Prep 10 mins
Cook 20 mins
This is my adaptation of a recipe in the book "Healthy Heart One Dish Meals". We use this sauce to top pasta and as a pizza sauce. It freezes very well. I usually pour it into ice cubes trays for freezing and, when it is frozen solid, pop out the cubes and put them into a zip lock bag, return the bag to the freezer, and take out the correct number of cubes when I need sauce.
- 2 teaspoons extra virgin olive oil
- 2 medium onions, minced
- 3 garlic cloves, minced
- 2 (28 ounce) cans crushed tomatoes
- 1⁄4 cup dry red wine
- 1 (6 ounce) can tomato paste
- 3 tablespoons fresh basil or 1 tablespoon dried basil
- 2 teaspoons sugar
- 1⁄2 teaspoon salt (I omit this)
- 1⁄2 teaspoon dried fennel seed, crushed
- 1⁄4 teaspoon black pepper
- Chop basil, if using fresh.
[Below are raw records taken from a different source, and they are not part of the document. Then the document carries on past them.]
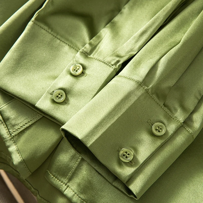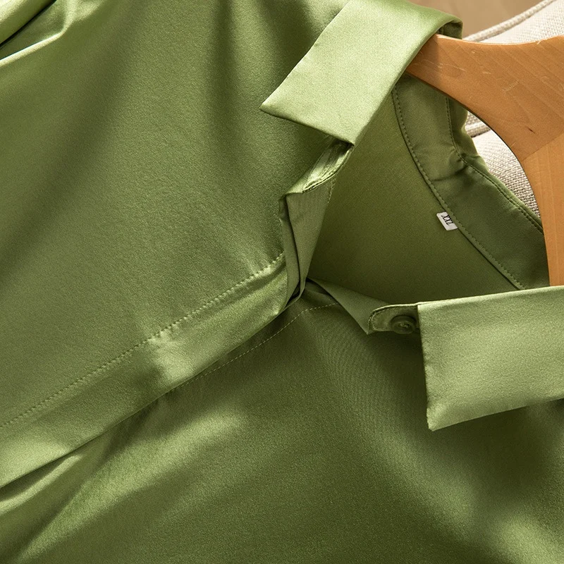 2023 Women’s Fashion Top Temperament Heavyweight Silk Elastic Satin Solid Color Long Sleeve Office Commuter Shirts Free Shipping
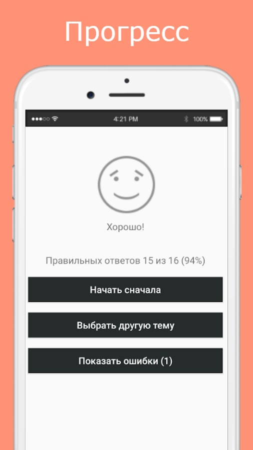 После прохождения теста по выбранной теме, можно просматривать ошибки. Также, результат прохождения теста по каждой из тем сохраняется, ваша цель — выучить все слова в выбранной теме на 100%.
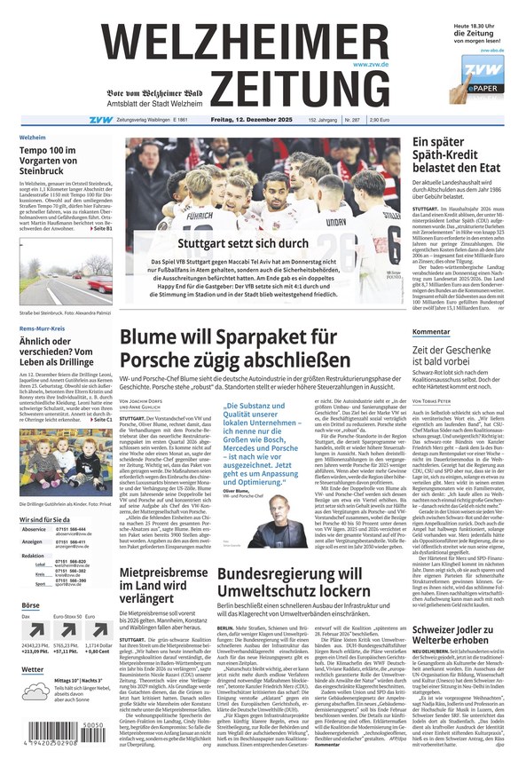 Die Welzheimer Zeitung für tagesaktuelle Neuigkeiten aus der Region

Heat olive oil in large skillet over medium-high heat. Add onion and garlic. Saute until tender.
- Add tomatoes, wine, tomato paste, basil, sugar, salt, crushed fennel seeds, and black pepper.
- Reduce heat and simmer uncovered for 15-20 minutes, or until the sauce is a consistency that you like.
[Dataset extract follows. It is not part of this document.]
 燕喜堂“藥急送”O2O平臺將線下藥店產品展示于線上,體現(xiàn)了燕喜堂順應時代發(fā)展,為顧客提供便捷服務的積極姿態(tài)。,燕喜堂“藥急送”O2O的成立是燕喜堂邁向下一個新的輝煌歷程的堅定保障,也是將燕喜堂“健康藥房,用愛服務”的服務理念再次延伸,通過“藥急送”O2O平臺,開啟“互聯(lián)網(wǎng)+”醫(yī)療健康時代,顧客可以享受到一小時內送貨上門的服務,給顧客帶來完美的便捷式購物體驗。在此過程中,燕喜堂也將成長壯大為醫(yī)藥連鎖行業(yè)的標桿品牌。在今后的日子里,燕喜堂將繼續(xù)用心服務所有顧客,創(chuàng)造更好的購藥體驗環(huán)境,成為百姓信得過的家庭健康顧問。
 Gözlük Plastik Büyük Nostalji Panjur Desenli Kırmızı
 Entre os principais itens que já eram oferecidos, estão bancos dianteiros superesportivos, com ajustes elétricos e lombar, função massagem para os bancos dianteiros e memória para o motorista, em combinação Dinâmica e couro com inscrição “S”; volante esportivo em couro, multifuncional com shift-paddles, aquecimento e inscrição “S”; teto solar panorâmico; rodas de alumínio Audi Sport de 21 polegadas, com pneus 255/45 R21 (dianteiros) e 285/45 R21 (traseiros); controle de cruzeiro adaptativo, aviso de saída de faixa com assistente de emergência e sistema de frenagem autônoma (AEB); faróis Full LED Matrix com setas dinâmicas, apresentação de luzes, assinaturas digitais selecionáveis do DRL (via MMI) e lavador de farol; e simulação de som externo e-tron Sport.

- Serve immediately, or freeze to use later.
I used Barefoot Zinfandel and dried basil. Very good sauce, really loved the addition of the fennel. Served as a dipping sauce for garlic bread sticks for appetizer night.
Used port wine, dried basil and included the salt. Very easy and a good basic recipe. Divided the sauce into six portions, had one for dinner (on spaghetti) just plain and will try to add some veggies when i use the other portions. Indeed good to have in the freezer as a basic sauce. Thanks for posting. Made for My-3-Chefs, November 2009.